Write-Host "..Create folders and copy files..."
New-Item -Path "\\$($_)\c$\Program Files\telegraf" -ItemType Directory -Force
New-Item -Path "\\$($_)\c$\DBOps" -ItemType Directory -Force
Copy-Item -Path "\\server\telegraf\telegraf.*" -Destination "\\$($_)\c$\Program Files\telegraf\" -Force
Copy-Item -Path "\\server\telegraf\Start-Telegraf.ps1" -Destination "\\$($_)\c$\DBops\Start-Telegraf.ps1" -Force
Invoke-Command -ComputerName $_ -ScriptBlock {
Write-Host '..Install service...'
Stop-Service -Name telegraf -ErrorAction SilentlyContinue
& "c:\program files\telegraf\telegraf.exe" --service install -config "c:\program files\telegraf\telegraf.conf"

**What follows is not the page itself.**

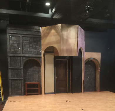 The highly popular play Doubt was an effort in the Allen Bales Theatre at The University of Alabama. The Bales is generally reserved for the MFA directing candidates to mount their productions. It features a 3/4 thrust stage and notoriously tiny budgets. I was alloted $600 dollars for this show, nearly all of that went to 3/4" EPS foam to carve the stones.

SC.EXE Config telegraf Start=Delayed-Auto
Start-Service -Name telegraf
Start-Sleep 90
# Make sure it starts
$service = Get-Service | Where-Object {$_.Status -eq "Running" -and $_.Name -eq "telegraf"}
While($service.count -eq 0) {
Start-Service -Name "telegraf"
Start-Sleep 90
$service = Get-Service | Where-Object {$_.Status -eq "Running" -and $_.Name -eq "telegraf"}
}
Write-Host '..Setup job to mark sure it autostarts...'
#Create job to start job on startup
$trigger = New-JobTrigger -AtStartup -RandomDelay 00:00:30
Register-ScheduledJob -Trigger $trigger -FilePath C:\DBOps\Start-Telegraf.ps1 -Name Start-Telegraf
}
}$service = Get-Service | Where-Object {$_.Status -eq "Running" -and $_.Name -eq "telegraf"}
while ($service.count -eq 0) {
Start-Service -Name "telegraf"
start-sleep 90
$service = Get-Service | Where-Object {$_.Status -eq "Running" -and $_.Name -eq "telegraf"}
}The developers of Telegraf are looking into this issue on Windows, but until it is identified, I needed a way to make sure my demo machines would start the service without me having to do it manually.